Игнорируя просьбу Селигмана, три поколения биографов, черпая вдохновение в почти одинаково плохой прессе, которую Гулд получил при жизни, создали из него злого гения почти вагнеровского масштаба: мрачного, бездушного и неудержимого. В своей «Истории великих американских удач» (1909) Густавус Майерс скопировал тон первых биографий халтурщиков 1890-х годов, описав Гулда как «человека-хищника, жаждущего крови своих бесчисленных жертв; азартного игрока, лишенного обычного игрового кодекса справедливости в соблюдении правил; воплощенного изверга Макиавелли в его расчетах, его схемах и засадах, его заговорах и контрзаговорах».[3]
Мэтью Джозефсон, социалист на момент создания своей книги «Бароны-грабители» (1934), написанной в эпоху депрессии, создал совершенно уничтожающий портрет Гулда как бессердечного вора и человека, пользующегося доверием. «Ни один человеческий инстинкт справедливости, патриотизма или жалости не заставлял [Гулда] обманывать себя, — говорил Джозефсон, — или хоть в какой-то степени отступать от неуклонного стремления к стратегической власти и ликвидным активам».[4] Затем, двадцать восемь лет спустя, Ричард О'Коннор сделал не больше, чем попугал Джозефсона в своем бестселлере New York Times «Миллионы Гулда» (1962). На самом деле за все годы после смерти Джея в 1892 году вышло только две малоизвестных академических биографии для историков бизнеса — «Джей Гулд: His Business Career» (1957) и «The Life and Legend of Jay Gould» (1986) Мори Кляйна, предоставили сбалансированные, содержательные и обоснованные описания блестящей профессиональной истории Гулда.[5] Таким образом, на протяжении многих лет в массовом сознании Гулд превратился в окончательного одномерного злодея американской финансовой жизни: талантливого и крайне беспринципного пиявку с Уолл-стрит, извлекающего выгоду из коммерции, созданной другими. («Весь интерес Гулда, — писал Роберт Ригель в книге „История западных железных дорог“ [1926], - заключался в манипуляциях с ценными бумагами его различных компаний. Развитие дорог было совершенно второстепенным делом. Во всех случаях собственность использовалась для помощи его финансовым операциям».[6])Но в пользу Гулда как образцового, успешного и долгосрочного руководителя есть свои аргументы. Изобретательный, безжалостный и легко очерняемый манипулятор рынков ценных бумаг Позолоченного века был также ориентированным на детали владельцем компаний: трудоголик, который кропотливо консолидировал умирающие железные дороги, превратив их в высокоприбыльные мегалайны, а затем сделал то же самое для максимизации прибыльности Western Union, умело управляя всеми своими концернами через неспокойные экономические моря в 1880-х годах.

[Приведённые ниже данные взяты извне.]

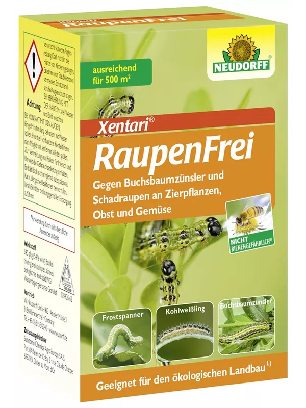 Biologisches Spritzpulver zur Bekämpfung von Schadraupen an Zierpflanzen, Obst, Gemüse und Weinreben. Wirkt ganz gezielt gegen verschiedene Schmetterlingsraupen wie z.B. Buchsbaumzünsler, Frostspanner und Kohlweißlinge. Natürlicher Wirkstoff. Schonend für Bienen (NB 6641) und andere Nützlinge. Geeignet für den ökologischen Landbau gemäß der Verordnung (EG) Nr. 834/2007.

Другие аспекты мрачной легенды Гулда так же легко рушатся при тщательном изучении. Например, всегда много говорилось о завещании Гулда, в котором он не оставил ни цента на благотворительность. Но мало кто отмечает значительные филантропические акции Гулда при жизни: усилия, направленные на добрые дела, которые он совершал анонимно, как только понял, что пресса не оставит безнаказанным ни один его благородный поступок. Немногочисленные публичные попытки Гулда совершать добрые дела были встречены насмешками со стороны «Нью-Йорк Таймс», «Нью-Йорк Геральд» и других газет, стремящихся его опорочить. Все филантропические начинания Гулда, о которых узнавали репортеры, изображались как неадекватные, слабые жесты по спасению лица, которые меркли перед тяжестью предполагаемых тяжких грехов этого человека. Поэтому после нескольких подобных случаев Гулд больше не афишировал свои пожертвования. Тем не менее он продолжал жертвовать, как правило, с четким требованием, чтобы его имя не упоминалось в связи с благотворительностью. В свою очередь, пресса критиковала его за недостаток щедрости. «Должно быть, добрые дела этого человека были более чем обычно незаметны, раз они так ускользнули от внимания», — писала газета New York World в октябре 1891 года. «Невероятно, чтобы его жизнь была лишена их, но ни по количеству, ни по характеру они не были достаточны, чтобы вызывать восхищение или порождать подражателей».[7]